Added Mary O'Herron, a retired rural letter carrier: "But Scott Walker has organized us."
At the Republican headquarters, Waller sees a similar dynamic on the GOP side.
"In my 10 years here, I've never seen anything like this so early — energized people, and a great base that's started working now," she said.
All of this has set up not only a battle royale in June for the governor's office, but another in the fall when control of the state Legislature (not to mention the White House) will be up for grabs.
"My opinion is that there are virtually no undecided voters left in the state," Taylor, the Waukesha GOP chairman, said during lunch across the street from his family-founded-and-operated Waukesha State Bank.
"We're not trying to convince anyone," he said. "Our focus is trying to get people to the polls."
Walker Challenges: Voting Booth And Investigation
Four Democrats are vying to take on the governor in June. They include Milwaukee Mayor Tom Barrett, who lost to Walker in a close race in 2010, and Kathleen Falk, a union favorite. They'll compete in a May 8 primary.
Three Republican legislators also face recall; a fourth targeted for recall has opted not to run.
Walker also continues to be shadowed by a grand jury investigation into his time as Milwaukee County executive. A half-dozen of his former aides have already been charged in the "John Doe" probe, which focuses on allegations that political work was done on the taxpayers' dime while Walker served as county executive.
Walker recently set up his own legal defense fund, while asserting publicly that he has been cooperating with the investigation. He's also defending the state's economic performance during his time in office. Though Wisconsin's unemployment rate has declined to 6.9 percent from a high of 9.2 percent as recently as January 2010, it had the worst job creation performance in the nation in 2011.
Taylor insists he's not worried about how Walker will fare in June.
"I'm confident because he has faith in the Lord," Taylor said. "Scott is very close to the Lord.
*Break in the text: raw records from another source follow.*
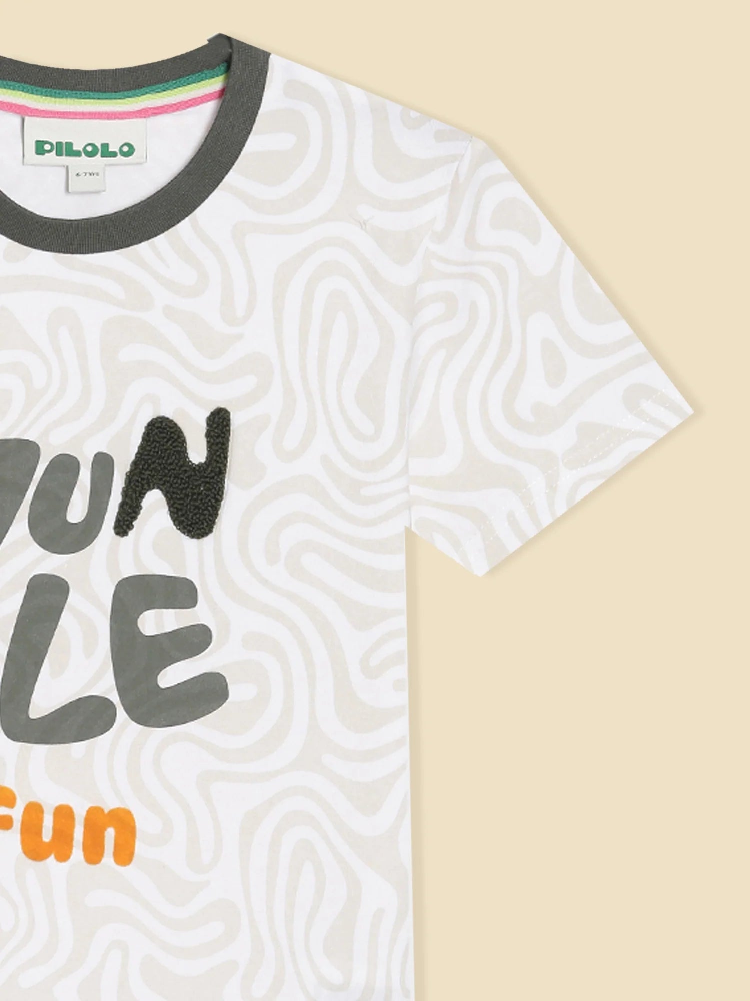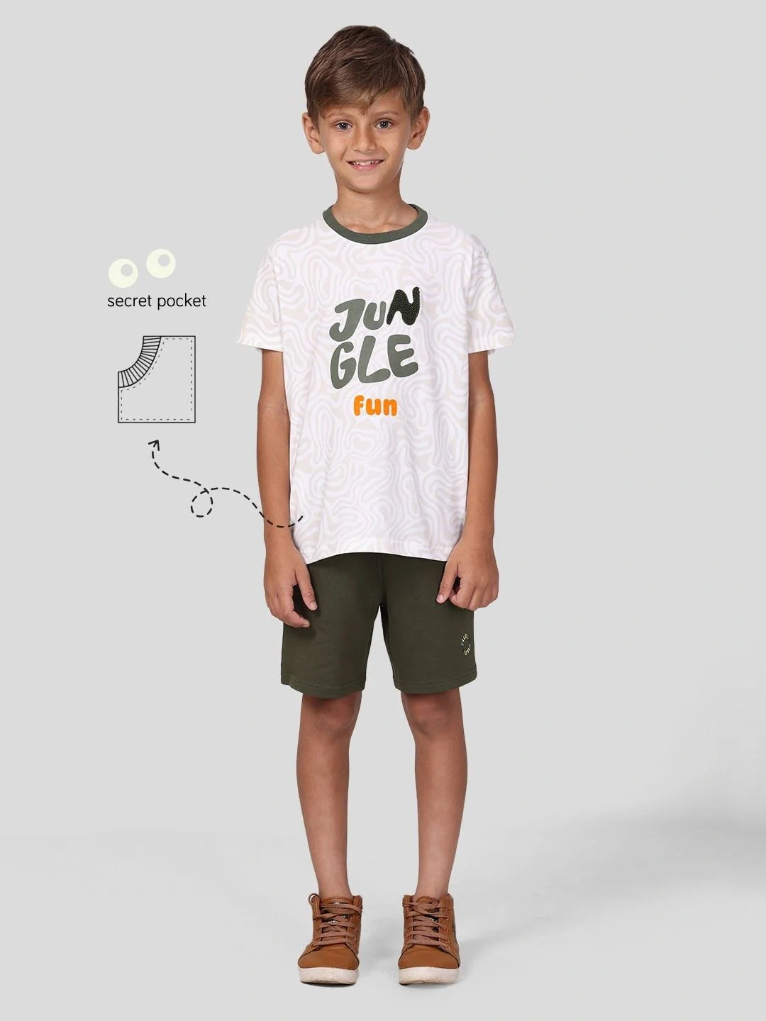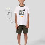 Whether climbing trees or looking for treasures, the Jungle Explorer Tee blends comfort with adventure thanks to its soft, breathable fabric. It features text with chennile embroidery on an intriguing background and a contrasting neckband. Every piece has a pocket that is adorable and practical - as little hands deserve a place to tuck their little adventures. Made to fit kids 2 to 10.
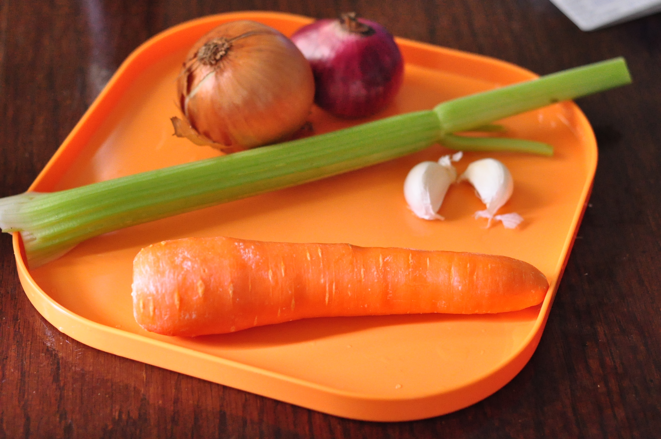 Mirepoix – the classic French combination of onions, carrots, and celery, typically in a ratio of 2 parts onion to 1 parts each carrot and celery.Asparagus – fine spears
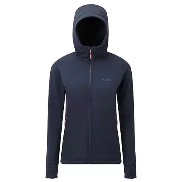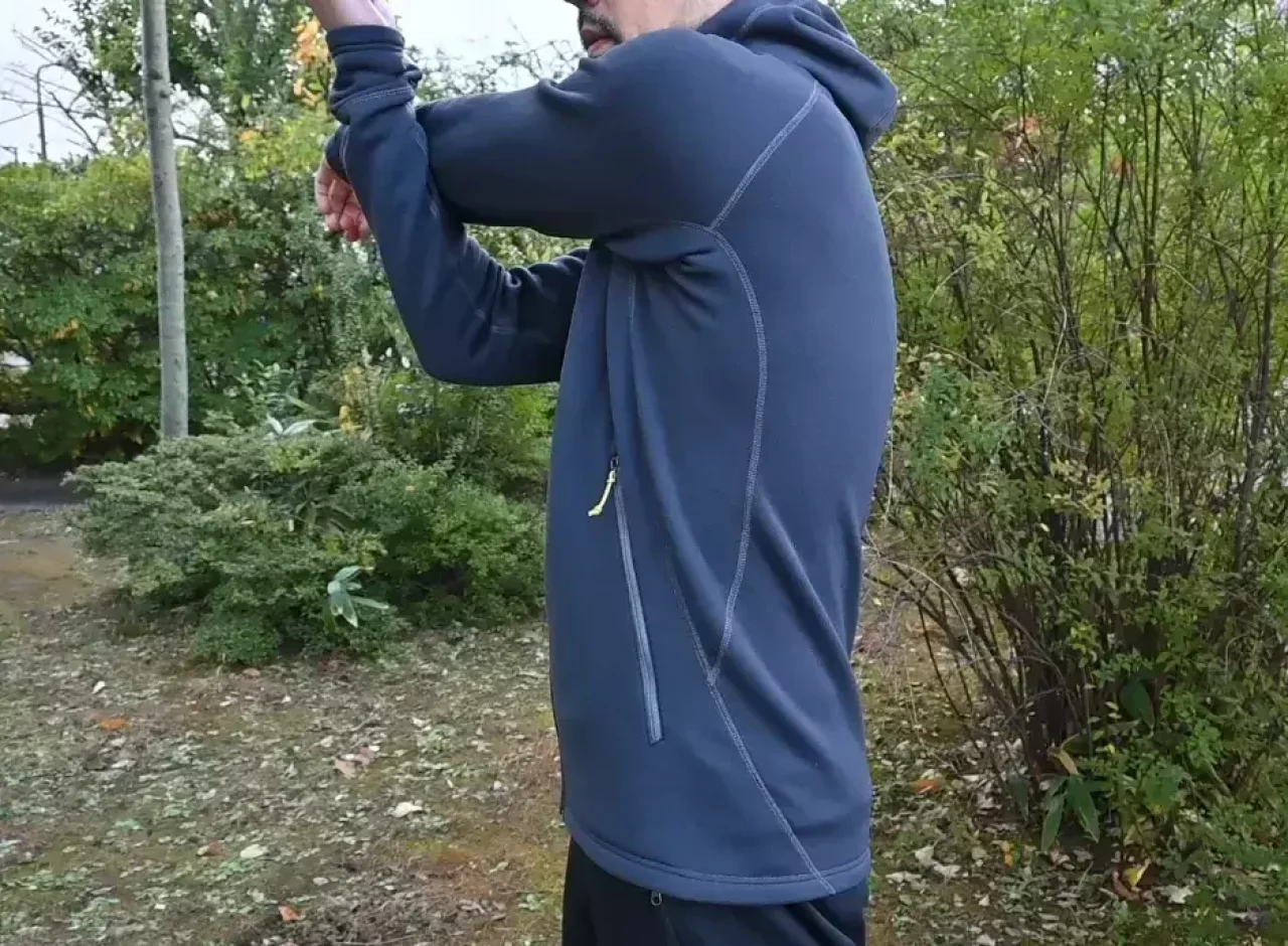 ポーラテックのパワーストレッチプロを使用した柔らかく伸縮性の高い中厚手のフリース。運動量の高いアクティビティでもストレスなく動ける快適な着心地です。通気性に優れ、肌を常にドライに保ちつつ、袖口のサムホールや、頭と顔周りを覆うようにフィットするフードなど、随所に保温性を高める工夫があります。冬山登山の行動中間着や、アウターとしての着用ができます。
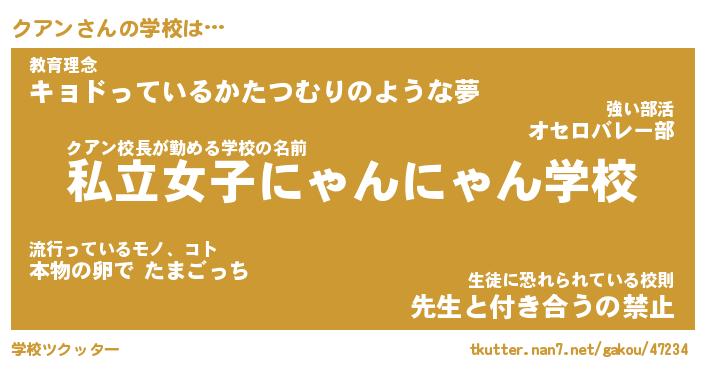 | 男性向けラノベタイトル風あだ名 | 『クアンアートオンライン』 |
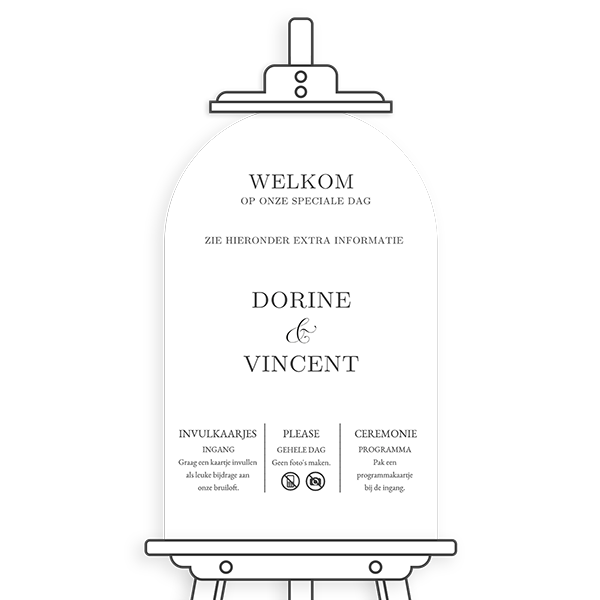 Een stijlvol welkomstbord voor op jullie dag met icoontjes en handige extra informatie. Als jullie nog informatie hebben die jullie aan jullie gasten willen geven, dan is dit bord ideaal. Zou je invulkaartjes of programmakaartjes bij ons willen bestellen? Kijk dan in onze collectie bij meer kaarten.Maak het bijpassend bij jouw kaart Personaliseer met zelfgekozen afbeeldingen en teksten Weersbestendig materiaal
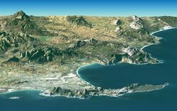 This NASA image used Landsat data to texture-map the surface created using SRTM Elevation data. The Cape Peninsula and Cape of Good Hope,
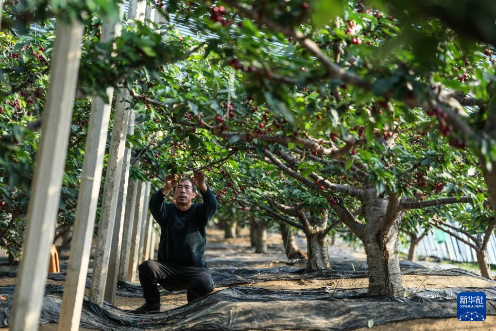 在辽宁省大连市普兰店区四平街道费屯村,谭继冬在樱桃大棚内查看果实成熟情况(1月10日摄)。新华社记者 潘昱龙 摄pagebreak
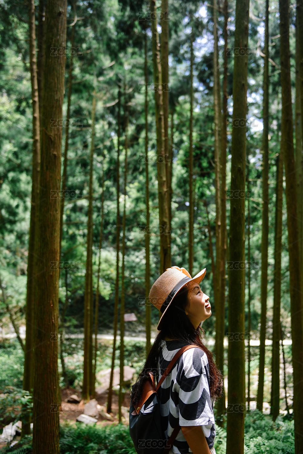 中国女性在浙江乐清雁荡山大龙湫森林游玩
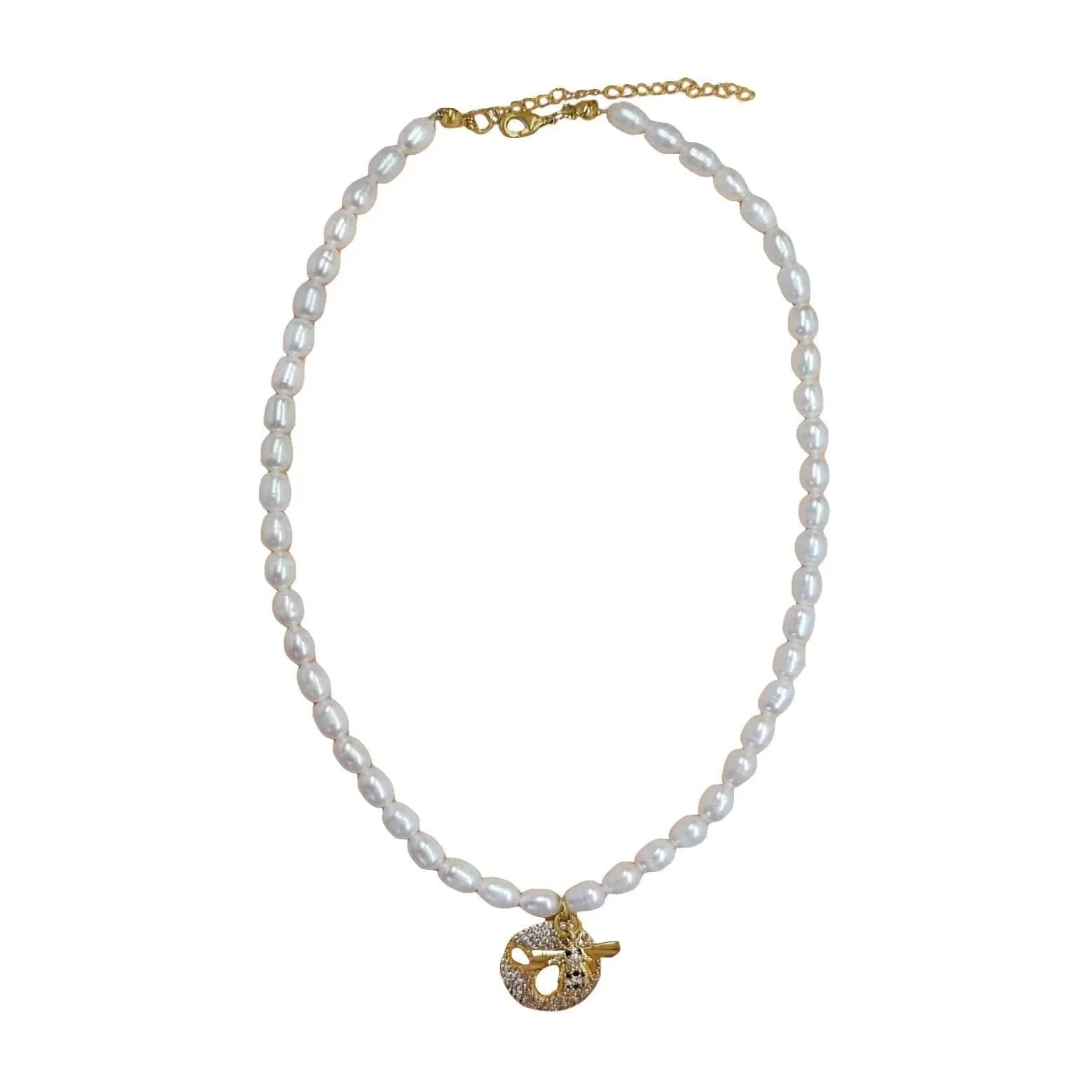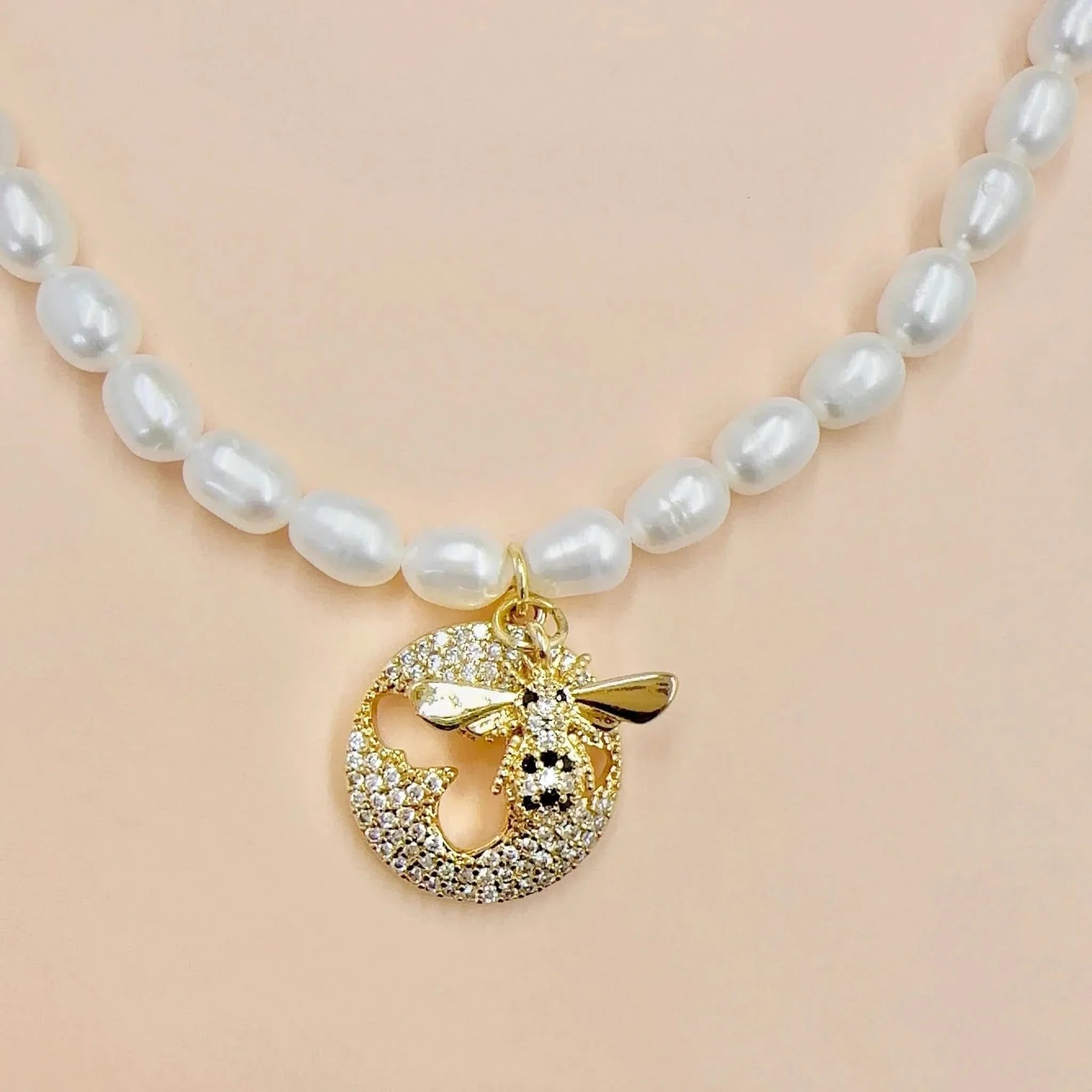 Seeds Pearl Choker Necklace with Bee pendant

I love the Lord, too, but I don't think I could be as fearless as Scott."
High Stakes, Spotlight On State
Waller and activists on the other side of the political divide know how high the political stakes are in Wisconsin, which is awash in big national money bankrolling both pro- and anti-Walker efforts.
"We understand that what's happening here is an example for both sides," Waller says. "We understand that however this state goes, so goes the rest of the country."
Walker last year pushed through what he called a "budget repair bill" that eliminated most public-sector union collective bargaining rights. In doing so he became both a national conservative icon and the bete noire of unions representing teachers and state workers hardest hit by the new law. (Walker exempted firefighters and law enforcement workers from the collective bargaining rollbacks.)
"The Koch brothers think they have a protege in Walker," says Kristin Hansen, a volunteer for President Obama's re-election effort in Waukesha County, referring to the wealthy anti-union industrialists who are big financial backers of the governor and the Tea Party movement.
"There's a Republican attack on Wisconsin," says Hansen, who works for the Wisconsin affiliate of the American Civil Liberties Union. "You try not to get paranoid, but they're attacking unions here, voter identification laws, women's rights."
"But we don't feel helpless," she said. "The organization surrounding the recall has meant that hundreds of people are involved who probably weren't involved before."
The Republican presidential primary, meanwhile, has failed to ignite the imagination of local party stalwarts.
"I do detect among my conservative friend passive support for whoever gets the nomination," Taylor, the county GOP chairman, said. But it will be the question over who will retain, or gain, control of the state Legislature that will animate the fall campaign season.
"I expect lots of enthusiasm and enormous turnout," Taylor said. "And, as a sideline, they're going to vote for president."